Effect of calcium on acetylstrophanthidin induced transient depolarizations in canine Purkinje tissue

The role of calcium ions (Ca²⁺) in the generation of transient depolarizations (TDs) by acetylstrophanthidin was examined. Transmembrane activity was recorded from isolated canine false tendons exposed to acetylstrophanthidin; concentrations from 7.5 x 10^-8 to 2 x 10^-7 g/ml caused TDs coupled to driven action potentials and depressed slow diastolic depolarization. TDs could reach threshold and induce extra systoles. Elevation of the Ca²⁺ concentration increased the amplitude of TDs induced by acetylstrophanthidin. High Ca²⁺ concentration (12.5 mM) caused TDs and depression of slow diastolic depolarization in the absence of acetylstrophanthidin.
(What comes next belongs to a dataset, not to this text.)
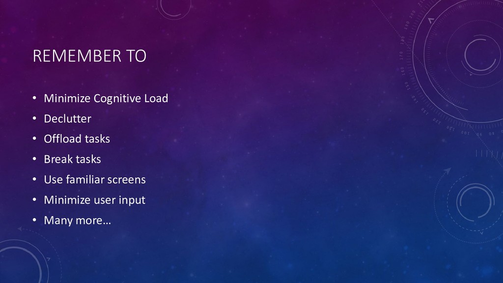 6. REMEMBER TO • Minimize Cognitive Load • Declutter • Offload

Elevation of potassium (K⁺) concentration depressed and reduction of K⁺ concentration potentiated TDs caused by either acetylstrophanthidin or high Ca²⁺ concentration. The production of TDs and the depression of slow diastolic depolarization by acetylstrophanthidin were reversed by reduction of the Ca²⁺ concentration or addition of manganese (2 mM) to the superfusing Tyrode's solution. The results suggest that TDs and arrhythmias produced by acetylstrophanthidin may be caused by a transient Ca²⁺ influx.